It’s been a busy past few days for Premier Darrell Pasloski.
He and several members of his cabinet were in Ottawa this week holding meetings with their federal counterparts.
Pasloski met with Prime Minister Stephen Harper on Monday.
“I think that any time there’s an opportunity to talk to the prime minister, to update him as to what’s happening in the Yukon, is important,” he said.
Training Yukoners for jobs in the territory’s booming resource industry was the major topic.
“We’ve been working with the college and First Nations and the actual producing mines that have articulated exactly what jobs they need,” said Pasloski. “Training Yukoners for good paying jobs is something that will benefit, not only the Yukon, but it will benefit Canada as well.”
They also talked about the challenges that the Yukon is facing in terms of infrastructure. Issues with transportation, housing and land availability were all discussed, said Pasloski.

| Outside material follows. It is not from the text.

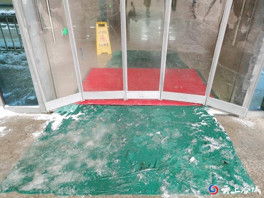 在门诊大厅入口、住院部入口和急诊、门诊的台阶等处,医务人员铺上防滑垫(布),防止人员滑倒。在车辆进出的通道,医务人员争分夺秒铲除障碍。

Energy is another big one.
With new mines coming online, the Yukon will need to double its generating capacity to keep up with demand.
One option is to run a transmission line to Skagway, Alaska, to take advantage of the potential West Creek hydro project.
“I updated him on what we’re doing on initiatives that we’re going through with Alaska right now to look at the possibility of an interconnection between southeast Alaska and Yukon, not only for energy but also for telecommunications,” said Pasloski.
The Yukon only has one fibre-optic line servicing the territory, so when it fails there is no backup to pick up the slack.
“I think that there’s a real opportunity to increase our economy, especially our knowledge-based economy, and support for all medium sized businesses, if we can provide more bandwidth, make it faster,” said Pasloski. “I’ve been told that we could increase our GDP between two-and-a-half and three per cent by finding ways to enhance bandwidth and speed and pricing.”
Pasloski left Harper with a parting gift, a copy of J.J. Van Bibber’s book, I Was Born Under a Spruce Tree.
“It’s truly inspiring as a snapshot of a great, unique time in Yukon history, so I was very honoured to present the prime minister with a copy of that book,” he said.
After the meeting with Harper, Pasloski travelled to Toronto to deliver a lecture for the Munk-Gordon Arctic Speaker Series on the territorial experience with devolution.
“It was a great opportunity to express and tell people in southern Canada a bit about the Yukon and more about the North,” said Pasloski.